State Code requires children attending public and private school to show proof of immunization for diphtheria, pertussis, tetanus, polio, measles, mumps, rubella, varicella and hepatitis B unless proof of a medical exemption can be shown.
An effort to codify Morrisey’s executive order failed when the West Virginia House of Delegates voted down a heavily amended Senate Bill 460. But Morrisey’s vaccine executive order remains in effect.
Attorneys with the ACLU-WV and Mountain State Justice filed a lawsuit last month on behalf of Kanawha County and Cabell County parents seeking a writ of mandamus from the Kanawha County Circuit Court directing the Governor’s Office to abide by the state’s school-age mandatory immunization program, as well as seeking to have Morrisey’s executive order deemed unlawful or invalid. That lawsuit is currently pending.
At the start of Wednesday’s state Board of Education meeting, members heard from Sean Whelan, general counsel for Morrisey, who said that the governor’s executive order was in line with the Equal Protection for Religion Act passed by the Legislature in 2023. That law establishes that the government cannot treat religious conduct more restrictively than activities of comparable risk or due to alleged economic considerations.
“The governor is not second guessing the science on vaccines or ignoring or defying the law passed by the Legislature,” Whelan said. “Instead, he is reading that vaccine law together with another law the Equal Protection for Religion Act of 2023 which prohibits government action that substantially burdens a person’s exercises of religion unless it serves a compelling government interest and is the least restrictive means of achieving that interest.”
Last month, the Governor’s Office released guidance to schools and parents seeking vaccine exemptions. The state Department of Education had also released a memo to county school superintendents ordering them to follow the state vaccination law but walked that memo back due to pressure from the Governor’s Office.

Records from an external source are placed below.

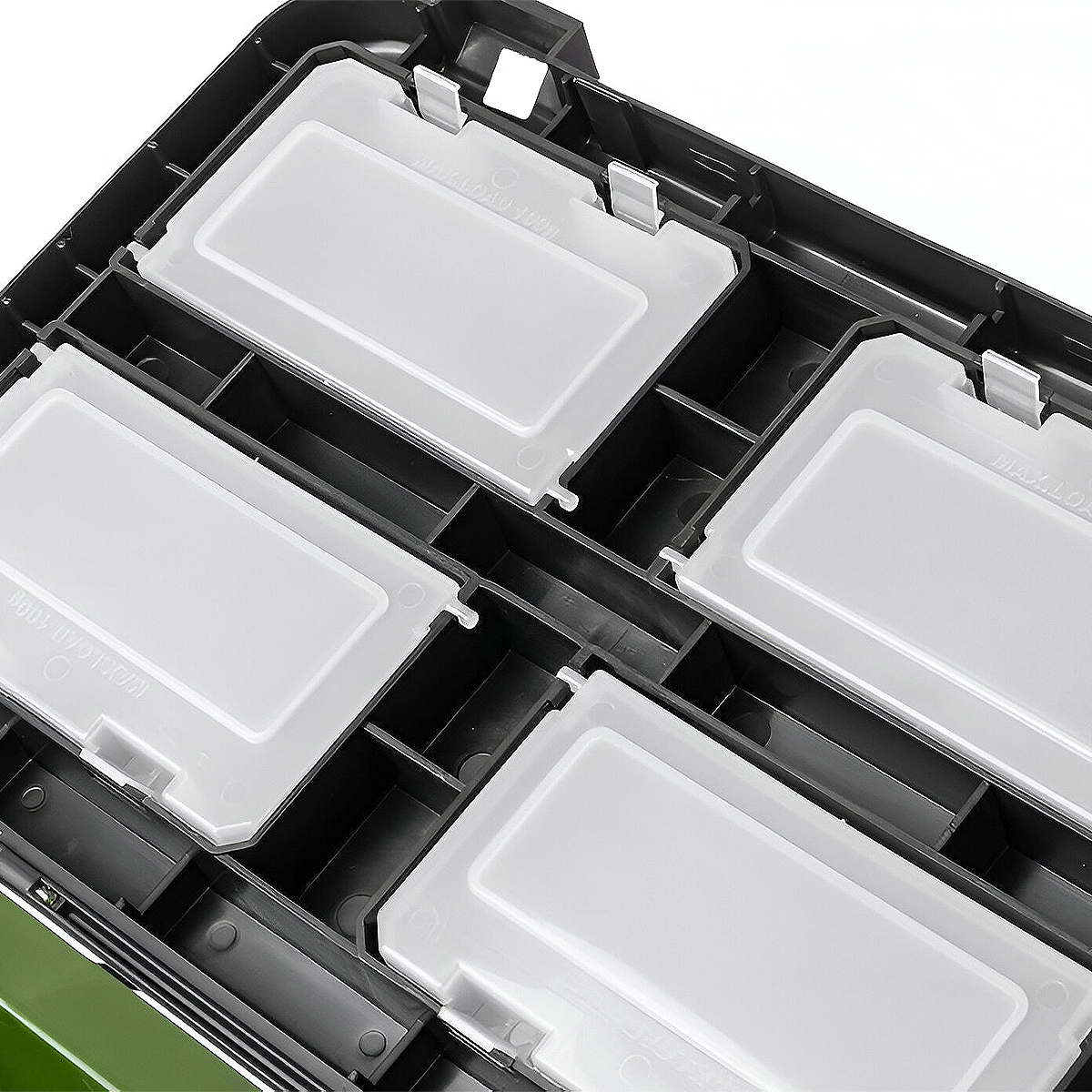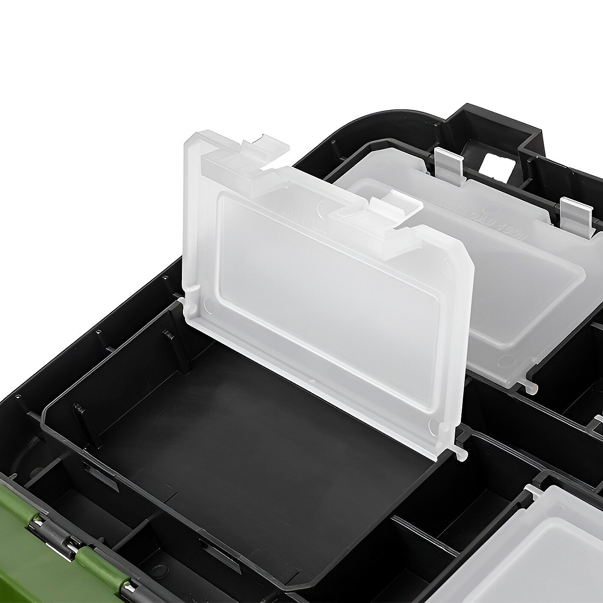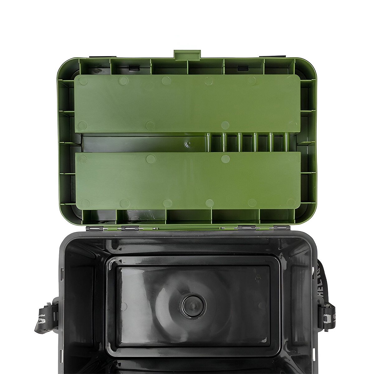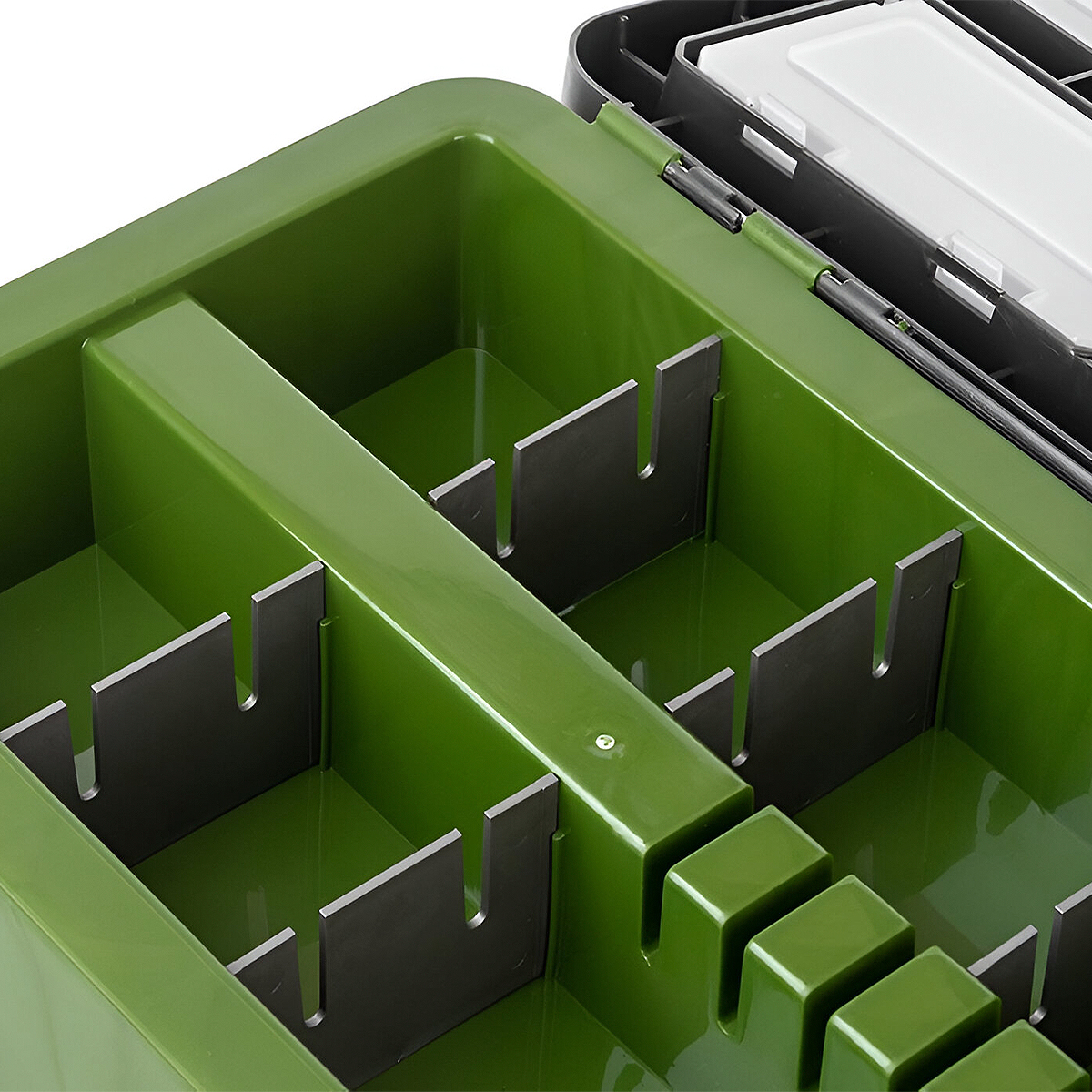 Благодаря объему 19 литров, ящик вместит очень много полезных снастей для рыбалки. Дополнительная проставка с 2 отсеками и съемными перегородками позволяет разместить небольшие удочки и другие снасти.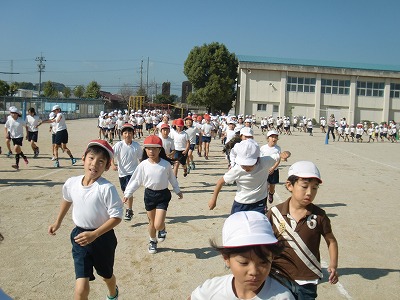 準備体操をした後、初めの1分間はクラスでそろって走ります。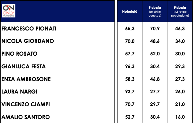 Il sondaggio prende in esame anche un’ipotesi di primo turno elettorale. Alla domanda su chi voterebbero come sindaco, al primo turno vincerebbe Nicola Giordano con una coalizione progressista composta da Partito Democratico, Movimento 5 Stelle, Alleanza Verdi Sinistra e liste civiche di centrosinistra, con il 45,5%. Seguono Francesco Pionati come candidato civico e Laura Nargi sostenuta dall’intero centrodestra. In un eventuale secondo turno, Pionati risulterebbe vincitore. Nell’ipotesi di uno scontro diretto tra campo largo e centrodestra, con Nicola Giordano e Laura Nargi come candidati principali, vincerebbe nettamente Giordano.
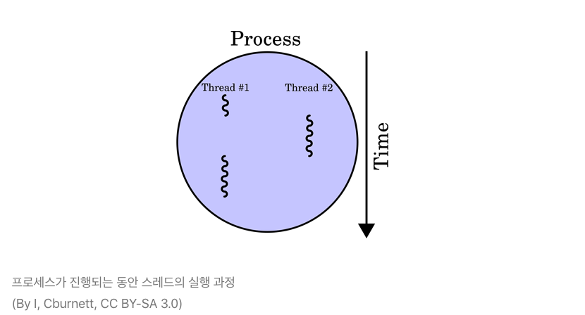 쓰레드는 프로세스와 다르게 쓰레드간 메모리를 공유할 수 있다. 쓰레드끼리 프로세스의 자원을 공유하며 프로세스의 일부 흐름이 되는 것이다.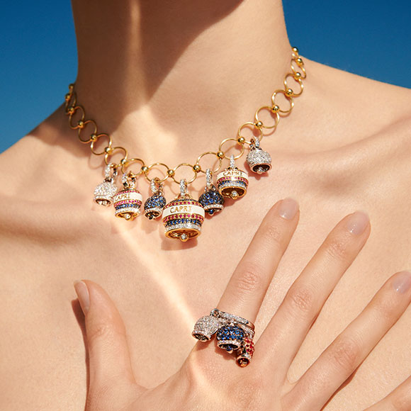 The iconic world renowned Chantecler bell ("Campanella") can be stacked or worn alone for dramatic impact.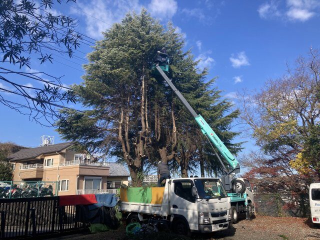クレーン車や高所作業車を使うことで、高木や電線近くの伐採や剪定を安全に、かつ効率的に行えます。
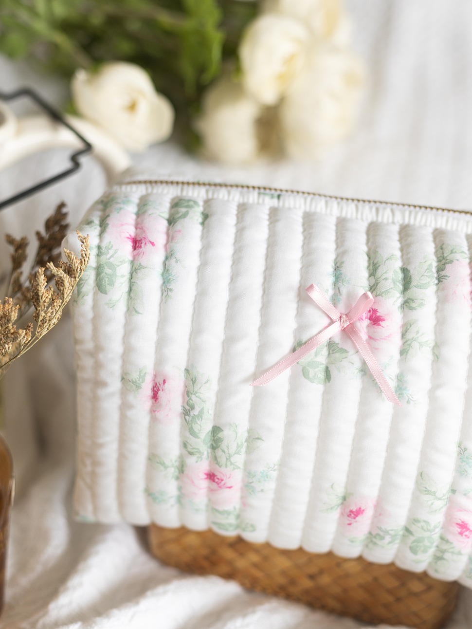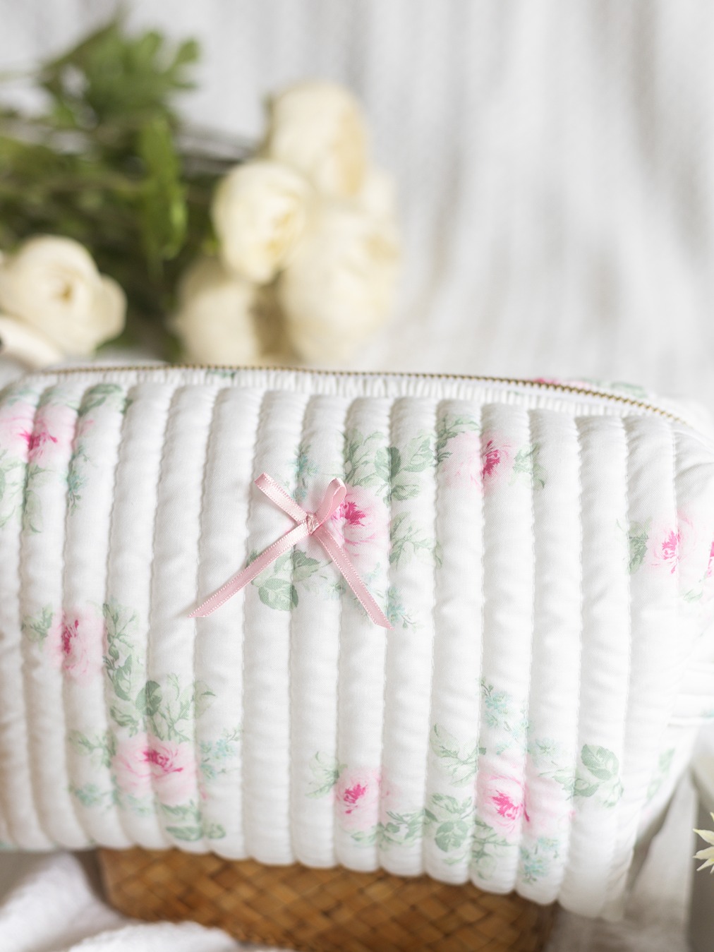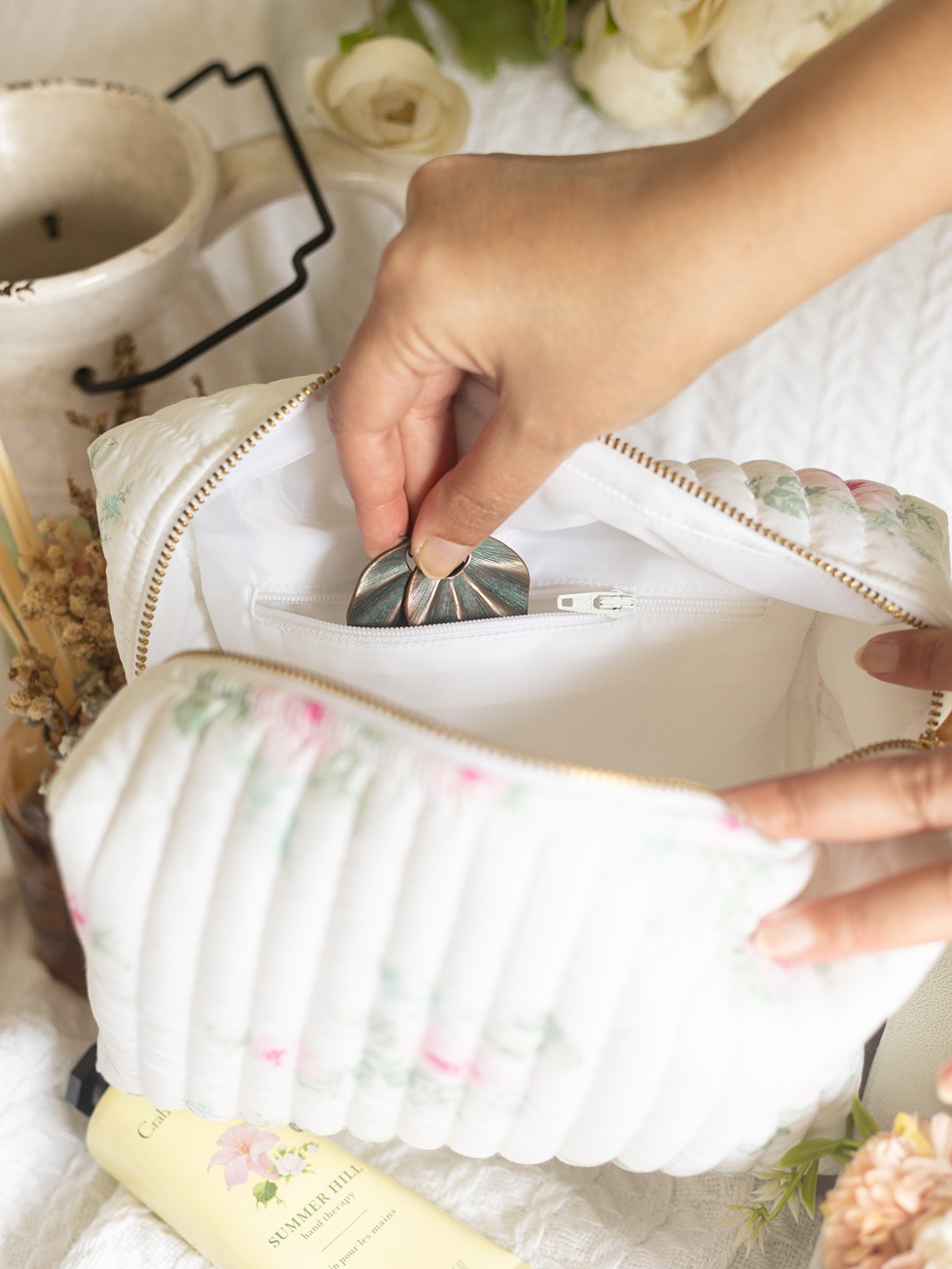- This pouch is lightly quilted and comes with smaller compartments inside for better organising small items.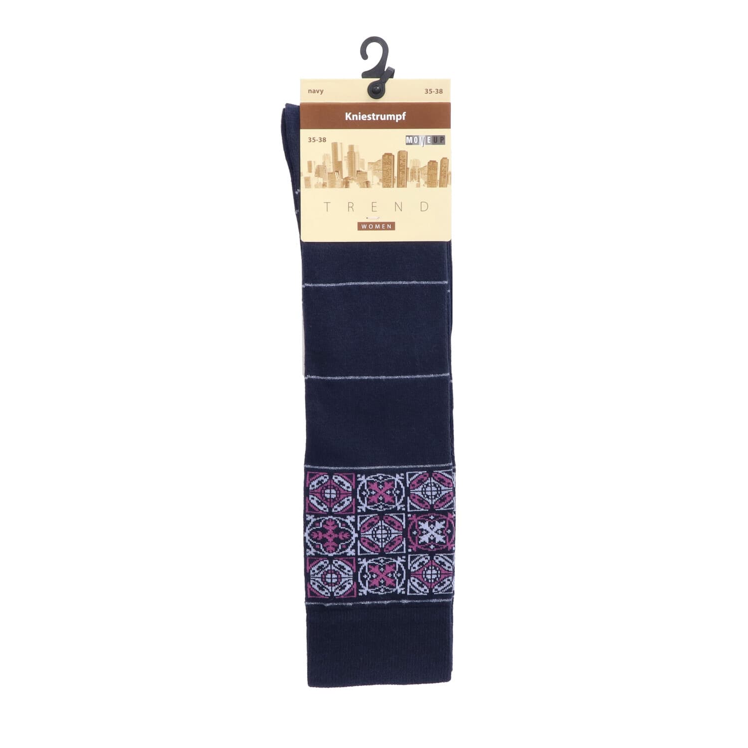 Modischer Kniestrumpf mit Glitzerstreifen und Mosaik-Design, weiche Baumwollqualität für hohen Tragekomfort, druckfreie Spitze.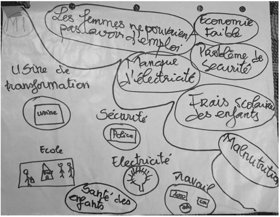 Figure 8 shows an example of a “Before and After” activity with one of the women processor groups. As a reminder, this activity focused on the changes that the participants perceived in their lives because of their involvement with the instant fortified flours project. An overwhelming response from the participants pointed to gaining independence, a new sense of community and camaraderie, and an increased knowledge of agriculture and other skills. The women processors and distributors said that, after joining their respective women’s groups, many positive changes occurred in their lives, households, and communities. Specifically, we can group these changes into three main categories: gender relations, household finances, and education. The participants told us they saw improved (attitudes toward) gender equality and women’s empowerment. They felt more respected by their husbands and community members because they were earning their own income and could help provide for their household needs. With this increase in income, women felt that their households’ financial, health, and living conditions improved. For example, some women perceived that their involvement in the project led to improved infrastructure, such as access to water in their communities. They reported an increased ability to pay for their medical needs, electricity, houses, and home furnishings. Additionally, they reported being able to invest more in education for their children, from elementary through to university, and for themselves by taking classes. They also learned various skills through project and business training.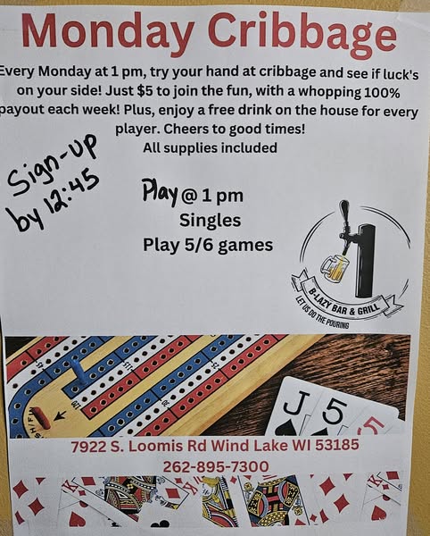 Cribbage every Monday, sign up by 12:45, Play at 1 o'clock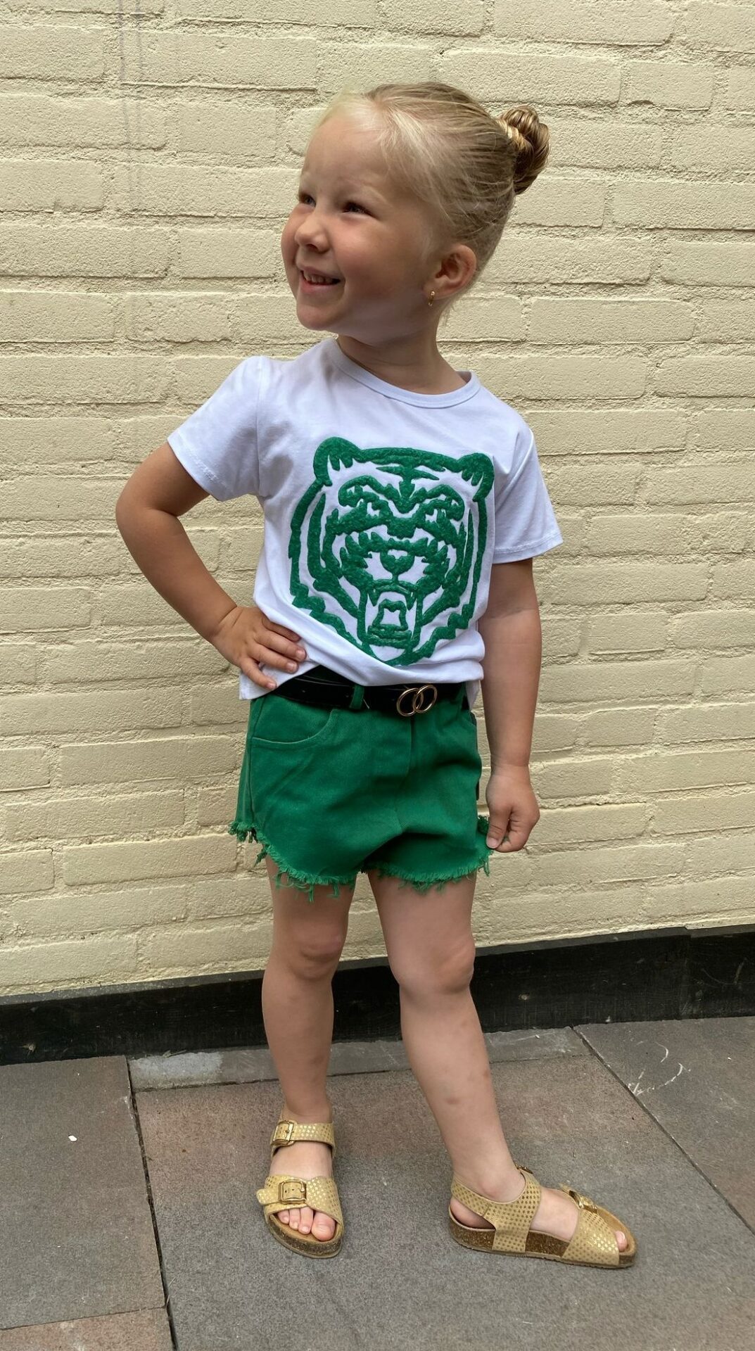 Dit setje is alles wat jouw zomeroutfit nodig heeft: een frisse groene short met riempje én een witte T-shirt met edgy tijgerprint. Stoer, stijlvol en supercomfortabel

“I want to be clear: (Morrisey) is not directing or ordering the state Board of Education or any county boards of education to do anything,” Whelan said. “That’s why the executive order only directs the actions of the health officials that are under his purview. But he is asking for your partnership and support in applying the Equal Protection for Religion Act that has been in the book since 2023 and until he came into office wasn’t applied.”
However, four other speakers during morning delegations urged the state board to continue to support the state’s school-age vaccine program and reject the governor’s vaccine exemption executive order.
“As both a physician and a mother, I can tell you that immunizations are one of the most critical tools we have to keep our children safe, healthy, and in school,” said Dr. Allison Holstein, a pediatrician at the Charleston Area Medical Center. “I want to voice my full support for directives that our schools follow the law regarding immunization requirements, which has made West Virginia a leader in prevention of vaccine preventable diseases, including measles, which we have had 13 states with outbreaks, including every state that’s surrounding us.”
“One of the ways that we have been willing and able to care for and love each other for generations now is through vaccinating our children before attending our schools so that they are protected from the unnecessary spread of illness and disease,” said the Rev. Eric Miller with St. John’s Episcopal Church in Charleston. “By immunizing our children, we are not only protecting them, but we’re also protecting the rest of the staff in our society and elderly as a whole.”